As Latika Bourke reports in this morning’s Age, the crossbench senators are stepping up their efforts to ward off the advent of democracy — with the honorable exception of South Australia’s Nick Xenophon (the only one who was unmistakably shafted by the present system), who has been frozen out from their discussions as a result.

William Bowe explained the issues in Crikey yesterday, but basically Xenophon has proposed a small refinement to the existing proposal from the Joint Standing Committee on Electoral Matters (JSCEM) to abolish automatic group ticket preferencing. The others, however, led by Liberal Democrat Senator David Leyonhjelm, are determined to defend the system that elected them in defiance of the voters’ wishes.

On one level, this shouldn’t matter: if the major parties agree on reform (as they did at the JSCEM), there’s nothing the crossbenchers can do about it. Even with Labor getting cold feet, the Coalition and the Greens between them have a clear Senate majority. And the threat of crossbench retaliation on other legislation could be met by leaving voting reform until the last months prior to an election.
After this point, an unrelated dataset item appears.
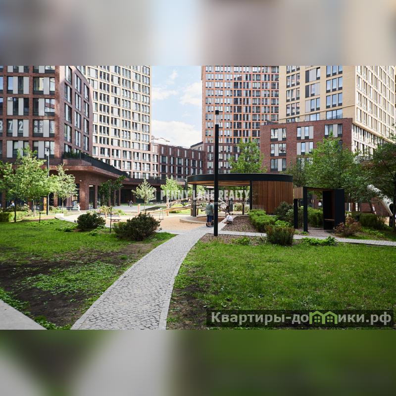 4.Закрытый, охраняемый внутренний двор без машин, с прогулочными дорожками, местами для тихого отдыха, двумя детскими площадками для разных возрастных групп, уединенными перголами и большой круглой беседкой;
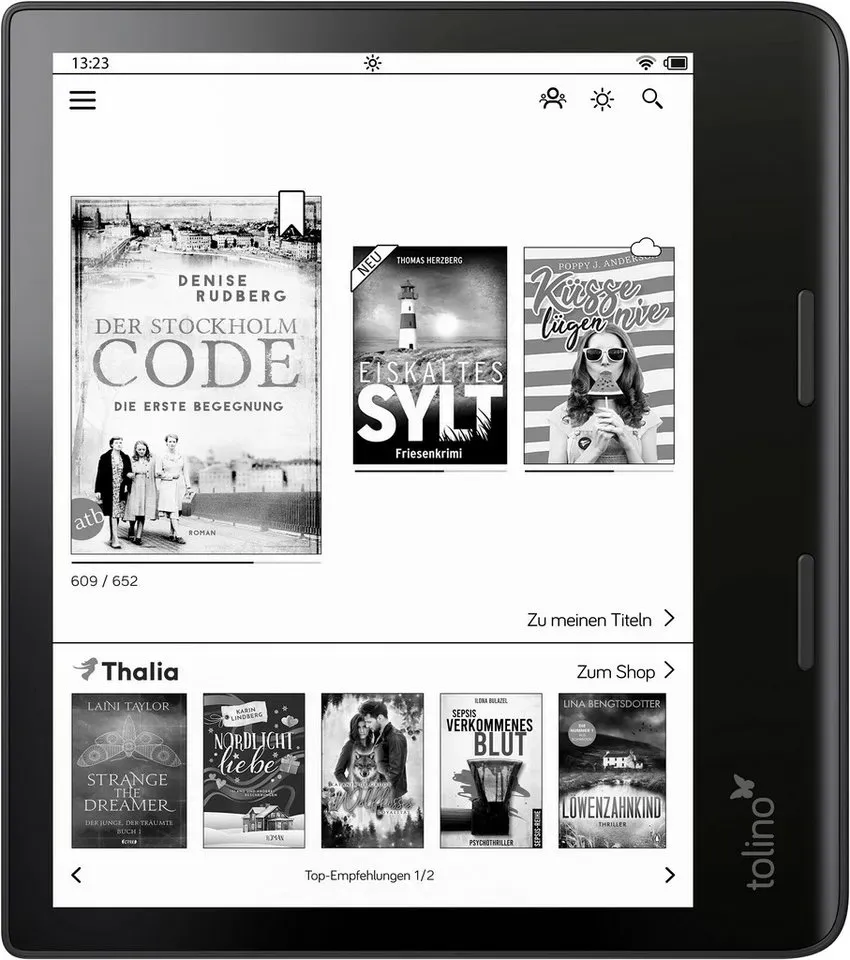 Kategorie: E-Book-Reader - Tolino - GTIN:4016621129347 - Großes 8-Zoll-Display: auch bei großer Schrift noch mehr Text auf einer Seite Blitzschnell durch neuen Quad Core-Prozessor und verbessertes E Ink Display Wasserschutz: entspannt lesen in der Badewanne, im Schwimmbad oder am See* smartLight: Anpassung der Beleuchtung je nach Tageszeit Automatische Display-Rotation: flexibel im Hoch- und Querformat lesen Für alle Lieblingsbücher: Speicherplatz für bis zu 24.000 eBooks tolino. Eine Marke des deutschen Buchhandels. *Schutz vor Süßwasser (bis 2 Meter Tiefe/60 Min.) Große Bühne für große Geschichten: der Highend-Reader mit 8-Zoll-Display Mit dem neuen tolino epos 3 erleben Sie das Maximum an Lesekomfort. Denn dank seines großformatigen 8 Zoll Displays passt noch mehr Text auf eine Seite, auch bei großen Schriften. Dadurch müssen Sie weniger umblättern und bleiben länger im Lesefluss, wenn die Geschichte gerade einmal wieder richtig spannend ist. Entscheiden Sie, wie Sie am liebsten Blättern: über das präzise Touchscreen oder die großen Blättertasten am Rand Ihres Geräts. Schneller Umblättern dank leistungsstärkerem Prozessor Mit dem tolino epos 3 blättern Sie aber nicht nur weniger, sondern auch deutlich schneller um. Denn das optimierte E Ink Display sorgt zusammen mit dem neuen, noch leistungsstärkeren Prozessor für eine 20 % kürzere Reaktionszeit gegenüber seinem Vorgängermodell. Das macht den Seitenwechsel deutlich angenehmer und ermöglicht Ihnen einen neuen, bislang ... Dieses Angebot von Galaxus.de ist ein Standardmodell des Tolino Epos 3 mit 32 GB Speicher in Schwarz zu einem wettbewerbsfähigen Preis. ![]() ![]()

But there’s a further hiccup. As the ABC’s election analyst Antony Green has pointed out in two recent posts, the Australian Electoral Commission needs time to implement any changes prior to an election. The more drastic the reform, and, in particular, the more it results in voters expressing their own preferences on ballot papers, the more time it needs.

To implement the JSCEM proposal, Green says the AEC has asked for a 12-month lead time, otherwise it will have to conduct the count manually.

And if large numbers of people express their own preferences, then a manual count of, say, the New South Wales Senate, with over 4.5 million votes, would be a logistical nightmare.

So if this has stopped being a matter of high principle (since no one but the self-interested micro-parties defends group ticket voting) and become just a matter of practicality, why not go the whole way with simplicity, and get rid of preferences entirely for Senate voting?

We know that the vast majority of voters (96.5% in 2013) are comfortable just voting “1” for a party above the line, without worrying about its preferences or even who its candidates are. Why not just make the party votes the whole story, and elect senators in proportion to their party’s vote?

The truth is that leaving aside the bizarre deals that have elected the micro-party senators, preferences make very little difference to our Senate results. I’ve redone the calculations from the 2013 half-Senate election, on the assumption that they were a simple proportional election, using a Sainte-Lague system (as used, for example, in Germany and New Zealand). Here are the results. 

There’s very little difference: three of the micro-parties would miss out, with two extra seats going to Labor and the third to Xenophon’s running mate. The fundamentals of the balance of power would not have changed at all.

That confirms what’s already been learned from New South Wales, where the last four upper house elections have been held using essentially the proposed JSCEM method. On only two occasions has a candidate leapfrogged another to win on preferences: for 82 of the 84 members elected, preferences made no difference at all to the outcome.

With this change, the complexity that worries the AEC would disappear.

In effect, all votes would be “above-the-line” (although a below-the-line option could be retained for those who want to re-order the candidates in their party’s ticket, as is allowed in many European elections); they would only need to be counted once, and anyone with a spreadsheet can do a Sainte-Lague calculation in 30 seconds.

I’ve got nothing against preferential voting, and for single-member electorates or even small multi-member electorates (as in Tasmania or Ireland) it works well. But for an election with millions of votes where the preferences are unlikely to change anything, it seems an expensive and unnecessary indulgence.

It’s especially interesting to note that Leyonhjelm, with 9.5% of the vote, would still have won his seat without preferences. His opposition to reform is more subtly based. He knows that his election was a product of voter confusion: faced with an absurdly long ballot paper, many voters who were looking for the Liberal/National ticket lighted instead on the Liberal Democrats, who had drawn the lead position. And that in turn was a consequence of the lottery of group ticket voting.

With no automatic preferencing, the incentive for most of the micro-parties to stand would disappear, meaning simpler ballot papers and less confusion. Not good for some people’s self-interest, but an unequivocal gain for democracy.